Token expiration and reconnection

OAuth access tokens expire after 30 minutes. When the token expires, Claude Code will lose connection to the MCP server. You may see an error: Incompatible auth server: does not support dynamic client registration.

To reconnect, run the following in your terminal each time you start a new session to ensure a fresh token:

get_sumologic_oauth_token() {
curl -s -X POST "${SUMOLOGIC_OAUTH_TOKEN_URL}" \
-H "Content-Type: application/x-www-form-urlencoded" \
-d "grant_type=client_credentials&client_id=${SUMOLOGIC_OAUTH_CLIENT_ID}&client_secret=${SUMOLOGIC_OAUTH_CLIENT_SECRET}" \
| jq -rc '.access_token'
}

export SUMOLOGIC_MCP_URL="https://mcp.sumologic.com/mcp"
export SUMOLOGIC_OAUTH_CLIENT_ID="<your-client-id>"
export SUMOLOGIC_OAUTH_CLIENT_SECRET="<your-client-secret>"
export SUMOLOGIC_OAUTH_TOKEN_URL="https://service.sumologic.com/oauth2/token"
export SUMOLOGIC_OAUTH_ACCESS_TOKEN="$(get_sumologic_oauth_token)"
claude

If you need to re-register the server with a new token:

  1. Remove the existing MCP server configuration.
    claude mcp remove sumo-logic --scope user
  2. Re-register the MCP server with the new token.
    claude mcp add \
    --transport http \
    --scope user \
    sumo-logic \
    "${SUMOLOGIC_MCP_URL}" \
    --header "Authorization: Bearer ${SUMOLOGIC_OAUTH_ACCESS_TOKEN}"
  3. Re-launch Claude Code.
    cd /path/to/your/project
    claude
  4. Verify the Sumo Logic MCP server connection with /mcp.
    Claude Code CLI showing Sumo Logic MCP server connected

Configure in VS Code via GitHub Copilot Chat

Setup

  1. Open VS Code and install the GitHub Copilot Chat extension, if you don't have it.
  2. Click in the VS Code command palette and run a search for > MCP: Open User Configuration.
    VS Code command palette search with MCP: Open User Configuration highlighted
  3. Add the following configuration to the mcp.json file.
    mcp.json
    {
    "servers": {
    "Sumo Logic MCP server": {
    "type": "http",
    "url": "https://mcp.sumologic.com/mcp",
    "headers": {
    "Authorization": "Bearer ${input:oauthToken}"
    },
    "gallery": "https://sanyaku.github.io/sumologic-mcp-gateway",
    "version": "Original"
    }
    },
    "inputs": [
    {
    "id": "oauthToken",
    "type": "promptString",
    "description": "Enter your OAuth access token for Sumo Logic MCP server",
    "password": true
    }
    ]
    }
    If you've previously configured other MCP servers here, this should be an additive process (that is, do not delete existing ones you still intend to use).
  4. In the mcp.json file, click the Start button just above "Sumo Logic MCP server": {.
    VS Code Start button in mcp.json configuration file
  5. You'll be prompted in the command palette for an OAuth access token.

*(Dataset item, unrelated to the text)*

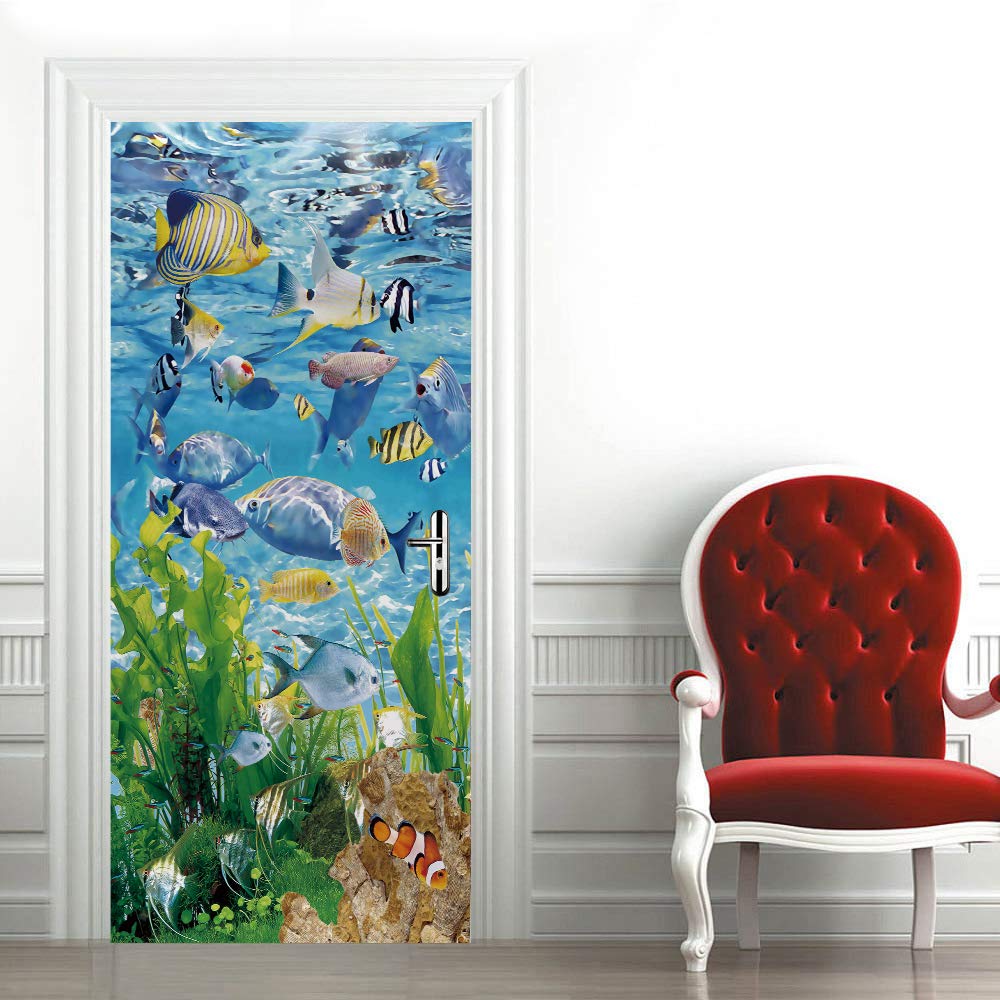 Verwandle deine Tür in ein Kunstwerk - ganz ohne Handwerker! Diese selbstklebende Tür Tapete im skandinavischen Fisch-Design bringt frischen Wind in dein Zuhause. Mit den Maßen 90x200 cm (bestehend aus 2x45x200 cm) passt sie auf die meisten Türen.

Enter your access token there.
    prompt in command palette for OAuth access token
  6. Confirm that the server shows as Running.
    prompt in command palette for OAuth access token
  7. Open GitHub Copilot Chat and ensure it's set to Agent mode.
  8. You should now be connected to the Sumo Logic MCP server. Verify by asking List my available MCP tools to see what you can do. You can also refer to Available MCP Tools.

Reconnecting

Access tokens expire in 30 minutes and may also expire after quitting and restarting VS Code. When this occurs:

  1. You'll see a Dynamic Client Registration not supported popup asking for an OAuth client ID. Do NOT provide this. Click Cancel.
    Dynamic Client Registration not supported popup asking for an OAuth client ID with Cancel button highlighted
  2. You'll be prompted again for an OAuth client ID in your command palette. Tap Escape on your keyboard.
    VS Code command palette search with MCP: Open User Configuration highlighted
  3. Generate a new access token.
  4. Reopen your mcp.json file.
  5. Hover your mouse over the redacted access token until the Edit | Clear | Clear All options appear, then click Edit.
    edit VS Code OAuth access token
  6. Enter your new access token in the command palette and then restart the Sumo Logic MCP server.

Available MCP tools

Our MCP server provides access to Sumo Logic through these tool categories:

  • Utility tools. Discover relevant tools based on context.
  • Alerts management. Search, retrieve, and resolve alerts.
  • Dashboard management. Create, retrieve, update, and delete dashboards.
  • Cloud SIEM. Manage insights, detection rules, triage information, entities, and status updates.
  • Log search. Create and manage search jobs, retrieve paginated messages and records.
  • User management. List users in the organization.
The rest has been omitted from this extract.